# Ultegra Di2 battery life while not in use



## the mayor (Jul 8, 2004)

I'm picking up a Di2 bike and am wondering what people are getting from battery life while the bike is not being used?

I ask because sometimes my bike sits for a week or 2 because I'm riding my mtb or cross bikes.

Also thinking about getting an extra battery to have in my gear bag in case I space it and forget to charge the battery that's on the bike...so I'm wondering how long a spare battery will hold charge.

Thanks in advance!


----------



## r1lee (Jul 22, 2012)

Not needed and would totally be a waste of money. Ive had my bike for 2 months and have not had to do a single charge.

Even when your indicator glows red, you still have aout 8hrs of use remaining, from my recollection. I just pay attention to the lights before I take her out.


----------



## Sven_Nijs (Jul 14, 2011)

The only reason to buy a spare is if you're the kind of person to forget to put petrol in their car and run it dry despite the flashing & beeping warnings...


----------



## the mayor (Jul 8, 2004)

Sven_Nijs said:


> The only reason to buy a spare is if you're the kind of person to forget to put petrol in their car and run it dry despite the flashing & beeping warnings...


Well...that's why I have AAA 
But I don't think they'll come jump start my bicycle.
I just wanted to know what life time the battery got while not in use.
Like I said...I sometimes won't touch my road bike for a couple of weeks because of other bikes ( like cross bikes right now). I guess I'll just keep the battery topped.
Thanks for all your replies


----------



## eidolon (Jun 21, 2012)

If the are lithium batteries, they do not self-discharge when unused.


----------



## the mayor (Jul 8, 2004)

eidolon said:


> If the are lithium batteries, they do not self-discharge when unused.


Every thing discharges.....just depends on how fast.


----------



## eidolon (Jun 21, 2012)

the mayor said:


> Every thing discharges.....just depends on how fast.


Yeah, and if you want to be pedantic the sun will discharge in another five billion years.

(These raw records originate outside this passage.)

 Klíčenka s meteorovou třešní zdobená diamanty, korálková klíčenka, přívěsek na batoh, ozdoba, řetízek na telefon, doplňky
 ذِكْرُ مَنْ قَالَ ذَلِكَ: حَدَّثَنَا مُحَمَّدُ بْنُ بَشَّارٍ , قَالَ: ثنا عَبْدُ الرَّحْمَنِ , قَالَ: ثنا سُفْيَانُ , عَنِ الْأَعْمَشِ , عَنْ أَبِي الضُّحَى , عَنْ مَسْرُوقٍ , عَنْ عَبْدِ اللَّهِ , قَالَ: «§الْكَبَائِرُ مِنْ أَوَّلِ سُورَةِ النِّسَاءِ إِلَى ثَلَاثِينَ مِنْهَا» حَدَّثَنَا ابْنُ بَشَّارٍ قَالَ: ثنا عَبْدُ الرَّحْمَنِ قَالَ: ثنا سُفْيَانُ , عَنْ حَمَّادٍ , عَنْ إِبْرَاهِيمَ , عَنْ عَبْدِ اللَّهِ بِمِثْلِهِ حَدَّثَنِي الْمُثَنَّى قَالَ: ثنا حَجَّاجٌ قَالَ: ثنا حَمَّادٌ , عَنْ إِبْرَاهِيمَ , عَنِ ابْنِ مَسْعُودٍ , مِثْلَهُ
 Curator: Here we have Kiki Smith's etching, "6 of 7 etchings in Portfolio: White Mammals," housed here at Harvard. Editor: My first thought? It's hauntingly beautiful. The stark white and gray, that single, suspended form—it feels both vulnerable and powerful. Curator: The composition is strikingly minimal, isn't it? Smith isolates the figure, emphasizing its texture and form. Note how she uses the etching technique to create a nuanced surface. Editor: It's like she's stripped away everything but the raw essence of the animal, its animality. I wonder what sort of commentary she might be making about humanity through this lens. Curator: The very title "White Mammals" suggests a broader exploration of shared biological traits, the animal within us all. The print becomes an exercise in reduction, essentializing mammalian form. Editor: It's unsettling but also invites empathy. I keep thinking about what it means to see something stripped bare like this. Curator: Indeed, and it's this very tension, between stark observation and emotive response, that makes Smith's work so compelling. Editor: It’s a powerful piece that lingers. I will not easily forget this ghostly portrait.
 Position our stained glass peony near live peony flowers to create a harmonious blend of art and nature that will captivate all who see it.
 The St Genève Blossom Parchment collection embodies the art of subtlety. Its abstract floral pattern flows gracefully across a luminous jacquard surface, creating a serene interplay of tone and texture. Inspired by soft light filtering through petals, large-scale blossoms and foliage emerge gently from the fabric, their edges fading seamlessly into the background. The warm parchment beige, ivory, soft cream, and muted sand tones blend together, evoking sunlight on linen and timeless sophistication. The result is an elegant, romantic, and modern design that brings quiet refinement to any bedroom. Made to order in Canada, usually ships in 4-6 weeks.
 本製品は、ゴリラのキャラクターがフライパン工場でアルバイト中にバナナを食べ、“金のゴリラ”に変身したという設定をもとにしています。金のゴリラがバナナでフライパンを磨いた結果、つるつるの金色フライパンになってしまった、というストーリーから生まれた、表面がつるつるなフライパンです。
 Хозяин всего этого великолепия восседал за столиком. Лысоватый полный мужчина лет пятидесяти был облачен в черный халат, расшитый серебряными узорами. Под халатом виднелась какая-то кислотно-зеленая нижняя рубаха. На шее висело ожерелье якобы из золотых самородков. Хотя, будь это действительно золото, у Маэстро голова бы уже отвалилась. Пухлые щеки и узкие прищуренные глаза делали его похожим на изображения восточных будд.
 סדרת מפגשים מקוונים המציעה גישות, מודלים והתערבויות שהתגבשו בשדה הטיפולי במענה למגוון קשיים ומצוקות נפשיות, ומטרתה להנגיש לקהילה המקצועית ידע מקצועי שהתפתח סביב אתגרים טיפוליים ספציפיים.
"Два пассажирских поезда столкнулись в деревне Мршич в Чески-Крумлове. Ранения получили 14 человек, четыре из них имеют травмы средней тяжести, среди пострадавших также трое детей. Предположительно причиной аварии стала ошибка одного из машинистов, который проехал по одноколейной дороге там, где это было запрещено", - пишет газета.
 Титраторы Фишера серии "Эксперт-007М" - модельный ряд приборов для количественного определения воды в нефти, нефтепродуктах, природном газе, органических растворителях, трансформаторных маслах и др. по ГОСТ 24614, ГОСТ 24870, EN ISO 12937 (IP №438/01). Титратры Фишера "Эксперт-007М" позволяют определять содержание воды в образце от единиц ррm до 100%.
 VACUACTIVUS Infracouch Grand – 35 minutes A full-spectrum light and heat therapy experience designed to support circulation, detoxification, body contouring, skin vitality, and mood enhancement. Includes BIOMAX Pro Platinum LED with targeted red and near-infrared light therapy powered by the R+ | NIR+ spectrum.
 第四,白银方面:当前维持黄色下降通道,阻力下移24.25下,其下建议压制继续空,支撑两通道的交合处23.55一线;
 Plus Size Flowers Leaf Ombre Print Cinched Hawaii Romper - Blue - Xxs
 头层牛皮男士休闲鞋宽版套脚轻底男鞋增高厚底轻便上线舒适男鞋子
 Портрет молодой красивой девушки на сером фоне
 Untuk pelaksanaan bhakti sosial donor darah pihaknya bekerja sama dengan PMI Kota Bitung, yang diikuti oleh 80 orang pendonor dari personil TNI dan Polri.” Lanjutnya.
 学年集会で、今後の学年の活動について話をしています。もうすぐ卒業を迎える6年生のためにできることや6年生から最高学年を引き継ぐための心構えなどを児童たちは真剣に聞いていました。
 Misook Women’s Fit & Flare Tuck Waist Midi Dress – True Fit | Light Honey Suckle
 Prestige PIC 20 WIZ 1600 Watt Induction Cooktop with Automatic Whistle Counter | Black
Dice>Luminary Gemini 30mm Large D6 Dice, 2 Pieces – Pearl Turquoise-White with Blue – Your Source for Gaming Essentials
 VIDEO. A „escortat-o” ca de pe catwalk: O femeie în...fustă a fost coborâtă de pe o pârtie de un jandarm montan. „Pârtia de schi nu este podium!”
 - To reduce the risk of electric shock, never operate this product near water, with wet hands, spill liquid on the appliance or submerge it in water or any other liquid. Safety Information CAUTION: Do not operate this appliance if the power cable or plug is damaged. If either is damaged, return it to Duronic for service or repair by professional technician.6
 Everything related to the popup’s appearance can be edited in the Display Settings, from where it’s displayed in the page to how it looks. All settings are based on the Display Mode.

The self discharge rate of lithium battery chemistry is about 1% per month (conservatively), so unless Di2 uses a constant trickle of electricity even when the bike is unused, a fully charged lithium pack will be able to sit around for years. If you want to dig into it a bit, there is more info here: Lithium-based Batteries Information

@ the OP: Getting an extra battery doesn't seem to be a terribly useful idea. If it's stored at 100% charge, it'll lose around 20% of its total storage capacity within 12 months. The ideal storage state for Li is 40% charge.

As others have suggested, just keep the one battery and pay attention to warning indicators.


----------



## the mayor (Jul 8, 2004)

Thank you for being more pedantic than I.
And thank you...and everyone else..for the info.


----------



## Cut.Aussie (Mar 19, 2011)

I have two Di2 equipped bikes, a Look and a new Cervelo which is my current ride of choice which gets to be ridden 2 or 3 times a week. The Look sits in the garage and only ridden maybe once or twice a month and the Shimano battery seems to hold up very well, I would not worry about self discharge.


----------



## the mayor (Jul 8, 2004)

Cut.Aussie said:


> I have two Di2 equipped bikes, a Look and a new Cervelo which is my current ride of choice which gets to be ridden 2 or 3 times a week. The Look sits in the garage and only ridden maybe once or twice a month and the Shimano battery seems to hold up very well, I would not worry about self discharge.


Thanks....I was looking for some real experience.
Now....if I could just get rid of this cold and it would stop raining:mad2:


----------



## vette (Feb 1, 2009)

the mayor said:


> Well...that's why I have AAA
> But I don't think they'll come jump start my bicycle.
> I just wanted to know what life time the battery got while not in use.
> Like I said...I sometimes won't touch my road bike for a couple of weeks because of other bikes ( like cross bikes right now). I guess I'll just keep the battery topped.
> Thanks for all your replies


Hmmm,idea AAA for Di-2 & EPS riders,$50 a year.


----------